Brav vertritt er denn auch die Quotenforderung seiner Partei für die Wirtschaft. Dass die SPD selbst in ihrer Spitze immer ein Männerclub geblieben ist, siehe Troika, ist für ihn allein das Problem der Frauen: Da wollte ja keine. Warum gibt es nochmal die Quote? Weil Männerrunden sich sonst immer weiter reproduzieren, da ist die SPD-Spitze keine Ausnahme. Frauen nicht hochkommen lassen und sich dann wundern, dass keine da ist: So schlicht argumentiert nicht mal mehr die Privatwirtschaft.

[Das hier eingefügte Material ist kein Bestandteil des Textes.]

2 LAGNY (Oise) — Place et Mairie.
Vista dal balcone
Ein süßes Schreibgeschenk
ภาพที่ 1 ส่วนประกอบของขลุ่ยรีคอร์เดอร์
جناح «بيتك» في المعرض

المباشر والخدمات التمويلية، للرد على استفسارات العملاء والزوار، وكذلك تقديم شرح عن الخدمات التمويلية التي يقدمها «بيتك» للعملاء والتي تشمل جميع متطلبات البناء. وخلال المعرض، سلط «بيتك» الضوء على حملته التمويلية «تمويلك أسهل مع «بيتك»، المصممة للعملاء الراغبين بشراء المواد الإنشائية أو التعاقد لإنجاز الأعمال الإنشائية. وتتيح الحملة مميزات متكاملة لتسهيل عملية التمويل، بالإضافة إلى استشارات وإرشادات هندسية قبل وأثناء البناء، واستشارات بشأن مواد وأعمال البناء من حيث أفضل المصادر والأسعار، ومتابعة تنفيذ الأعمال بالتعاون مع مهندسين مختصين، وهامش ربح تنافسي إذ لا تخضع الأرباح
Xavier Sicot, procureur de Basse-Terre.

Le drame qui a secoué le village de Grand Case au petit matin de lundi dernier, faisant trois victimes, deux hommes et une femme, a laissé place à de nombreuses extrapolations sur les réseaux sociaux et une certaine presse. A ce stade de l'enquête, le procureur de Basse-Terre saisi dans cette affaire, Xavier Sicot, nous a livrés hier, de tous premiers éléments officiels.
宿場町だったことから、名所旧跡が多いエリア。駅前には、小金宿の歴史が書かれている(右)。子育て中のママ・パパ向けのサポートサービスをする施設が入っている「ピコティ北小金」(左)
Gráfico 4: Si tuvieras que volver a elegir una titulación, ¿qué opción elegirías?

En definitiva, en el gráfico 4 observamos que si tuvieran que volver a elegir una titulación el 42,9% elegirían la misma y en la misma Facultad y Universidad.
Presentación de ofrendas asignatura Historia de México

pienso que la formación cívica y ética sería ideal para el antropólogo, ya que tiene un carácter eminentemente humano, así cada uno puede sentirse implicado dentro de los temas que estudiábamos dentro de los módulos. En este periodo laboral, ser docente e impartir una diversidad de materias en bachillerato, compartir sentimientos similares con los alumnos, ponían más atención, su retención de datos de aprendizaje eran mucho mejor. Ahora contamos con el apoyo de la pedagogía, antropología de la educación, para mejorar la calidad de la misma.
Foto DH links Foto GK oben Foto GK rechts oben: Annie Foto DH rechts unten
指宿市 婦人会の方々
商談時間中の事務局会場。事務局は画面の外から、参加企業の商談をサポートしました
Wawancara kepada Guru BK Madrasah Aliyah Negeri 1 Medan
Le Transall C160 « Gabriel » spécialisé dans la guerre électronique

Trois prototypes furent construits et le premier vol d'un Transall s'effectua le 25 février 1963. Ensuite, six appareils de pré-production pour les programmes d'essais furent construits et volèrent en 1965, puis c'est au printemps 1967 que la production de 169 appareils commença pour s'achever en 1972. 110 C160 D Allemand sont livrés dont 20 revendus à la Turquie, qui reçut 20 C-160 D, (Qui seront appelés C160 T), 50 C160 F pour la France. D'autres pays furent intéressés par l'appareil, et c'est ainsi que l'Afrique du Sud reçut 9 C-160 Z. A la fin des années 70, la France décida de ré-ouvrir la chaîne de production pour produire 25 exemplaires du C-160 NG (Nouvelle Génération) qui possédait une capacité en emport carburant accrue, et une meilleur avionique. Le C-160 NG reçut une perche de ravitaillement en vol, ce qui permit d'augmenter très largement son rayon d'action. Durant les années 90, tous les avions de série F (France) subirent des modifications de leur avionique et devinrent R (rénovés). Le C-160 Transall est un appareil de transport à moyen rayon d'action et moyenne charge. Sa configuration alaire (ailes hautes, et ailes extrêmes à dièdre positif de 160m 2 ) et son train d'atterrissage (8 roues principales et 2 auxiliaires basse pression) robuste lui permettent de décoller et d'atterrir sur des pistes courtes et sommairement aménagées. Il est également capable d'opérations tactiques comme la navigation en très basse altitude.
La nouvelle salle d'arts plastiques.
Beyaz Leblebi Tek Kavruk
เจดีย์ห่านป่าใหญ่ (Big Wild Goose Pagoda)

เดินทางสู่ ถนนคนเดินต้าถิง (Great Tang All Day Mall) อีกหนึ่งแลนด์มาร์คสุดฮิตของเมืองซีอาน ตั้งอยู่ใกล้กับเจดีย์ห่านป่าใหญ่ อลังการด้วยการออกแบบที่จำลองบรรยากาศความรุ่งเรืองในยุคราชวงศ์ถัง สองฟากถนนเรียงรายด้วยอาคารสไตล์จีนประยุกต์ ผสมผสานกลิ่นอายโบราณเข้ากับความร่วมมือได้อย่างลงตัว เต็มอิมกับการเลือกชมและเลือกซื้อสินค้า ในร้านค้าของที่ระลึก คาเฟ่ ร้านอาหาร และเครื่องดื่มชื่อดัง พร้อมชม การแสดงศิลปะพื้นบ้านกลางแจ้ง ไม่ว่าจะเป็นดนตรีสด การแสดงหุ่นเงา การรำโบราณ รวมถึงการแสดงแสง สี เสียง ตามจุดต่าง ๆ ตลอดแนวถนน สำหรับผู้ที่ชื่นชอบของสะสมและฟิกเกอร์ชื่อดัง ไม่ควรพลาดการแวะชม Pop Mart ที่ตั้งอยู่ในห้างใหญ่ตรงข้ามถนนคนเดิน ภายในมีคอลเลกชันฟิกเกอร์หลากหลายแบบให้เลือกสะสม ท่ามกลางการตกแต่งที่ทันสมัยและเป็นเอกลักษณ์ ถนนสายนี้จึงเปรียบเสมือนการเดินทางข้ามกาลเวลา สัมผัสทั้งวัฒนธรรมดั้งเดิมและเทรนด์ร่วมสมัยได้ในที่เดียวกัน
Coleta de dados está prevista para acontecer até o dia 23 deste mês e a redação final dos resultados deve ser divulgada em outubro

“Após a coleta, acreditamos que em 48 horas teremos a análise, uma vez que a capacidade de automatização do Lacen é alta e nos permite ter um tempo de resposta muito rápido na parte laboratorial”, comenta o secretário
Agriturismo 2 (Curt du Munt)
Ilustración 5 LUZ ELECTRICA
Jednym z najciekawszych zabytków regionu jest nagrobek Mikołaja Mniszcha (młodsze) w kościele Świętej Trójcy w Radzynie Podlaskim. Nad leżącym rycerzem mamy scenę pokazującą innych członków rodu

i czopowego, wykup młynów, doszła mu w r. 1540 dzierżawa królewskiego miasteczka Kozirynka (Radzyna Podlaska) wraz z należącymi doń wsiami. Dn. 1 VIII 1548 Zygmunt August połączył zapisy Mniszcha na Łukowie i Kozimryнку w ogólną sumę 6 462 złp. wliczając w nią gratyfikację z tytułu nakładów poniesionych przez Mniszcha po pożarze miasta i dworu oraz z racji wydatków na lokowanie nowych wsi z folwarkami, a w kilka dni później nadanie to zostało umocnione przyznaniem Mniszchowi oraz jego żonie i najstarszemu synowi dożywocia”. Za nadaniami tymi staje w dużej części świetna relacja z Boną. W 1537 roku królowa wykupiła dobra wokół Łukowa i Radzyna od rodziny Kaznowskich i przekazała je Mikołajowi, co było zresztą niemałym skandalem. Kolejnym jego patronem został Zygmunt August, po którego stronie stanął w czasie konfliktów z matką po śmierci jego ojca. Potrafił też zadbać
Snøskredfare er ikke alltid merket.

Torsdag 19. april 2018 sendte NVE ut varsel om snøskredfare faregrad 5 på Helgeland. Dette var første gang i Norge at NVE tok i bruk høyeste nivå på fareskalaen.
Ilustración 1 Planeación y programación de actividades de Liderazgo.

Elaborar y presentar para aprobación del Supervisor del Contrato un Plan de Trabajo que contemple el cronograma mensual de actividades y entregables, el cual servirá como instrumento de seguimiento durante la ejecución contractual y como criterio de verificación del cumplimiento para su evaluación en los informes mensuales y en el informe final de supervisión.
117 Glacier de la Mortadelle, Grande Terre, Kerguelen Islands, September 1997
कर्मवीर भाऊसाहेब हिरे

Mit anderen Worten: Die SPD hat ein frauenpolitisch korrektes Programm, aber der Spitzenkandidat weiß nicht, wofür das nochmal gut war. Das erinnert nun doch sehr aufdringlich an seinen Vorgänger, Gedöns-Schröder. Der hatte auch ein Gleichstellungsgesetz für die Wirtschaft im Koalitionsvertrag. Gekommen ist es dann nicht.

Die Union dagegen sonnt sich im Licht der Kanzlerin. Ja, sie kommt an bei den Frauen. Aber nicht bei denen, die etwas wollen. Die erste Frau an der Spitze des Landes führt die Herdprämie ein, obwohl die Kitaplätze noch lange nicht ausreichen. Und sie sperrt sich gegen eine Quote für die Privatwirtschaft, obwohl das Fenster der Möglichkeiten nie so sperrangelweit offen stand wie jetzt: Andere europäische Länder legen vor, von der EU kommt eine Quotenrichtlinie: Merkel müßte nur noch zugreifen, mit überschaubarem Risiko. Aber das tut sie nicht. Im Gegenteil. Sie blockiert. Und stellt sich damit sogar gegen die Frauen in ihrer eigenen Partei, die kein Betreuungsgeld aber eine Quote wollen.

Ja, eine Spitzenpolitikerin in Deutschland darf weiterhin so wenig wie möglich daran erinnern, dass sie eine Frau ist. In der Tat ist das riskant: Die Stereotypen, die Weiblichkeit mit Schwäche verbinden, regieren ungebrochen unser Unbewußtes. Aber ohne Risiko kein Fortschritt.

So, und nun stellen Sie sich noch eine große Koalition aus diesen beiden Parteien vor. Ach, Sie sind schon eingeschlafen?